**WORK TO COMPLETE:**
Set down, word for word, every line of the material below from the one containing "大数据采集、挖掘与分析等新型" through the one containing "今日は 北方店へ 草履の鼻緒をすげる職人さん、", but none of its pictures.

**EXTRACTED RECORDS:**
◇ ◇ ◇

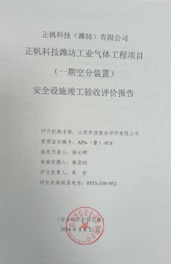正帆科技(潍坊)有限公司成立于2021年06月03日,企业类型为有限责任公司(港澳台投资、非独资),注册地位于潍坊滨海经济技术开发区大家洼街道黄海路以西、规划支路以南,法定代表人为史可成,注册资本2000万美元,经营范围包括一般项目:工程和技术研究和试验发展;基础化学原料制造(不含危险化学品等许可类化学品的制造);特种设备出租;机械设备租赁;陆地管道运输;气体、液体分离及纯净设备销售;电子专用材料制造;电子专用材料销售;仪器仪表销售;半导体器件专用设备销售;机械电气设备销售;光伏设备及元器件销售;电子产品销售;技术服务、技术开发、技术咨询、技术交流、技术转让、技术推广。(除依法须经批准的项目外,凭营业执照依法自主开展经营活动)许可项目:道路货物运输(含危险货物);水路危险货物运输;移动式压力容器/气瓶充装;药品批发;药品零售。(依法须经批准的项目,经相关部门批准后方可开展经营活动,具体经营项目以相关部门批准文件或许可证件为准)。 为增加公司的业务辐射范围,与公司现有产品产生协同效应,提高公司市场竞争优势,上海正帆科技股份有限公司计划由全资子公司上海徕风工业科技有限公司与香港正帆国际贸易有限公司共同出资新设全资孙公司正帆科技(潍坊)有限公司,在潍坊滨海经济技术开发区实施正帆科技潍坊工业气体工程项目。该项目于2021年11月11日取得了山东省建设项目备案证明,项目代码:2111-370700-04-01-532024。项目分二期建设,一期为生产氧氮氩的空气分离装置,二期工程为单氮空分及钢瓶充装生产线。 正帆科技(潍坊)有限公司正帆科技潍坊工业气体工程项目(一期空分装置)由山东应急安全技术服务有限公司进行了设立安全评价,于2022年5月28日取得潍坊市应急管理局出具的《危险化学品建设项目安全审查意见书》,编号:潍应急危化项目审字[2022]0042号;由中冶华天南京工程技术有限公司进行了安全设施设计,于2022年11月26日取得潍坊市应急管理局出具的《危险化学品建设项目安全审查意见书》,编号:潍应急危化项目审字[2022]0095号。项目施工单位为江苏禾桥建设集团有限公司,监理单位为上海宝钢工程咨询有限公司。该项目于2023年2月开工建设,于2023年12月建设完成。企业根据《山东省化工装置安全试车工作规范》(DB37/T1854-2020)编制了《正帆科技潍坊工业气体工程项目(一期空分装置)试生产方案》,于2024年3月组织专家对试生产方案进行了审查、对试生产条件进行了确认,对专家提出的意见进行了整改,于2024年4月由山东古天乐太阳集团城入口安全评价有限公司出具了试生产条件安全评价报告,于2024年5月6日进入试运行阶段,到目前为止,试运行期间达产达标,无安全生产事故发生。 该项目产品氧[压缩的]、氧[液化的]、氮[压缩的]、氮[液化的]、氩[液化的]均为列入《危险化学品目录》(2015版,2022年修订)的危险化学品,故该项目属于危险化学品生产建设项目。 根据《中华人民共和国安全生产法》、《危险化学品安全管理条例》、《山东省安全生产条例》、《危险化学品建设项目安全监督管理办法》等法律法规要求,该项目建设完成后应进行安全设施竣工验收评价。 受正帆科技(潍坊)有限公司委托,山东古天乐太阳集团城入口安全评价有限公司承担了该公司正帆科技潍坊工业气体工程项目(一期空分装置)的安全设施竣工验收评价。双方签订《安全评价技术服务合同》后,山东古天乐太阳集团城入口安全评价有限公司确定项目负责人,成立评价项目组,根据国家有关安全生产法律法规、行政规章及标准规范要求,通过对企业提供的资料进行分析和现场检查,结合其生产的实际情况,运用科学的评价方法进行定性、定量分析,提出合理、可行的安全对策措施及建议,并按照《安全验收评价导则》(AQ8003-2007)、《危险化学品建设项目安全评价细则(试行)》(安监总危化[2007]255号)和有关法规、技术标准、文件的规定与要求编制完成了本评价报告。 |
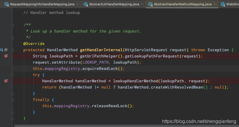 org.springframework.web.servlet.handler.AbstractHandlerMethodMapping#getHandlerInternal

◇ ◇ ◇

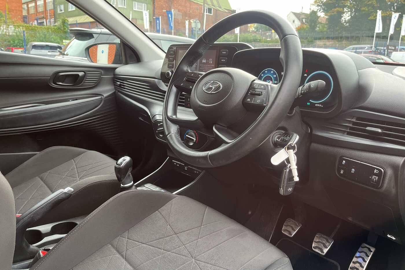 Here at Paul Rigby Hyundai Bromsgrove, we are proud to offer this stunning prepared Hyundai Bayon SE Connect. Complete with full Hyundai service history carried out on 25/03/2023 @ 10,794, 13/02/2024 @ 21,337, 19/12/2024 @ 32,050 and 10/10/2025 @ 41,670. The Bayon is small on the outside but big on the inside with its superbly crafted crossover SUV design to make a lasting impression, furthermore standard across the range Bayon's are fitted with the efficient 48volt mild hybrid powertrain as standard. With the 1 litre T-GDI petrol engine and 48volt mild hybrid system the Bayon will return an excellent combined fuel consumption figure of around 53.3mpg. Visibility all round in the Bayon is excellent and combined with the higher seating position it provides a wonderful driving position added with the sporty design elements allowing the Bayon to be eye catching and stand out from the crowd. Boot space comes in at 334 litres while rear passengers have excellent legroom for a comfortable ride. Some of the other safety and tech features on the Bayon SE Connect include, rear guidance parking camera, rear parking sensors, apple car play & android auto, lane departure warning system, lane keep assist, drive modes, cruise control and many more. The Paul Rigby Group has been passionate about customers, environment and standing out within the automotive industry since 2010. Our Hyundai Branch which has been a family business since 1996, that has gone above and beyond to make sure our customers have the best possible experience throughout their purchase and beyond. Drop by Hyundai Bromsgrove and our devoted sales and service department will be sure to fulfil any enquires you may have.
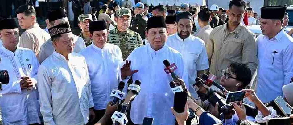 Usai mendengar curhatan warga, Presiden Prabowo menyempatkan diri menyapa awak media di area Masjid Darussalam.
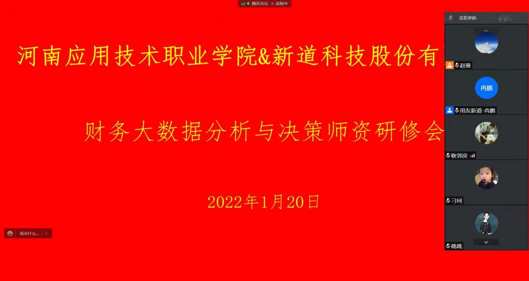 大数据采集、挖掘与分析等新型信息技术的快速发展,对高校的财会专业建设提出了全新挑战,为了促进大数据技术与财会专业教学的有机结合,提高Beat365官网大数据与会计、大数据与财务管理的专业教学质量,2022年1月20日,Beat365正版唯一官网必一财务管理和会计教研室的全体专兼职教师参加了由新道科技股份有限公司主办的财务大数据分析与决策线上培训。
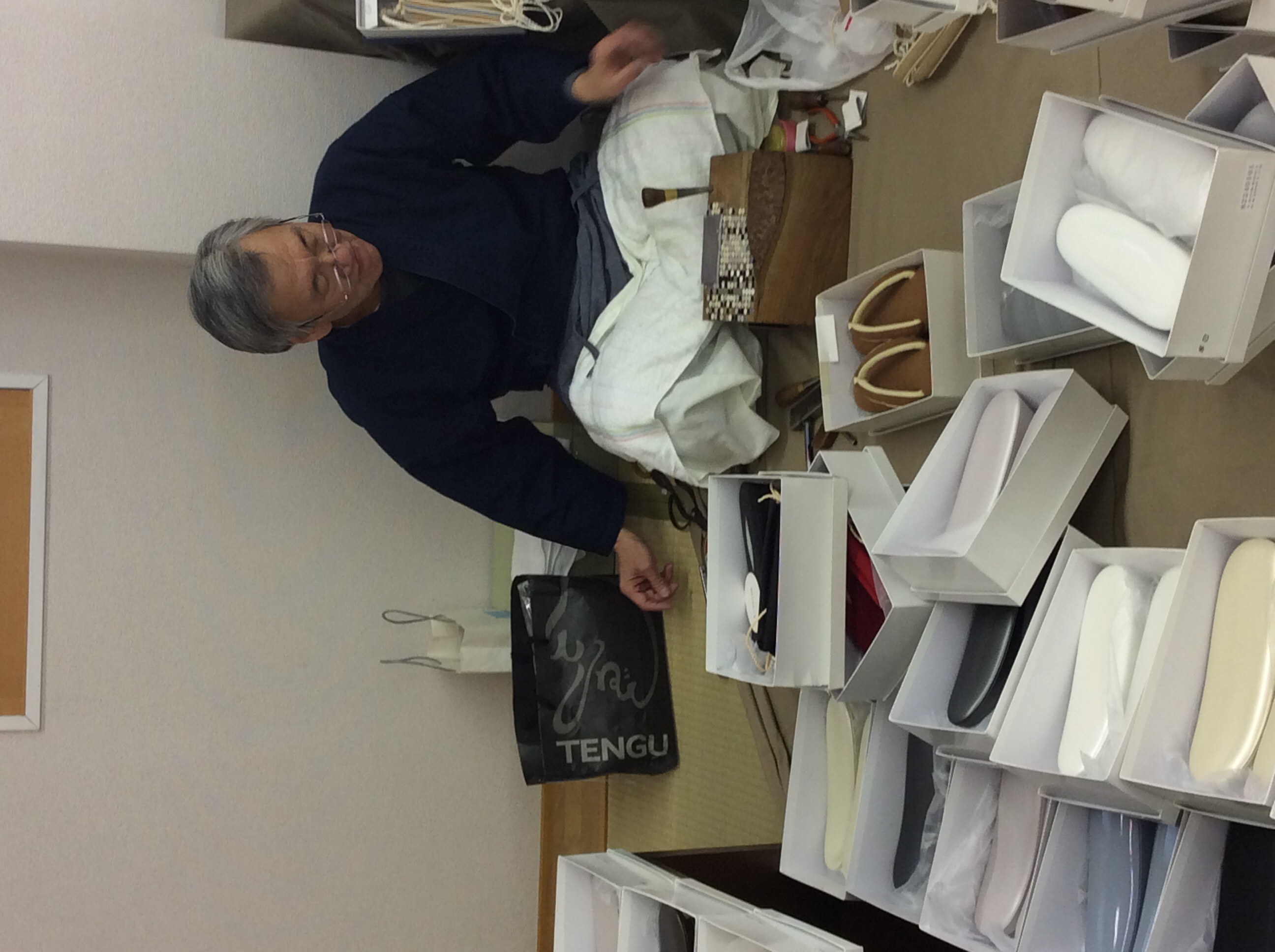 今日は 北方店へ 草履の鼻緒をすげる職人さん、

◇ ◇ ◇

**WRITTEN RESPONSE:**
 大数据采集、挖掘与分析等新型信息技术的快速发展,对高校的财会专业建设提出了全新挑战,为了促进大数据技术与财会专业教学的有机结合,提高Beat365官网大数据与会计、大数据与财务管理的专业教学质量,2022年1月20日,Beat365正版唯一官网必一财务管理和会计教研室的全体专兼职教师参加了由新道科技股份有限公司主办的财务大数据分析与决策线上培训。
 今日は 北方店へ 草履の鼻緒をすげる職人さん、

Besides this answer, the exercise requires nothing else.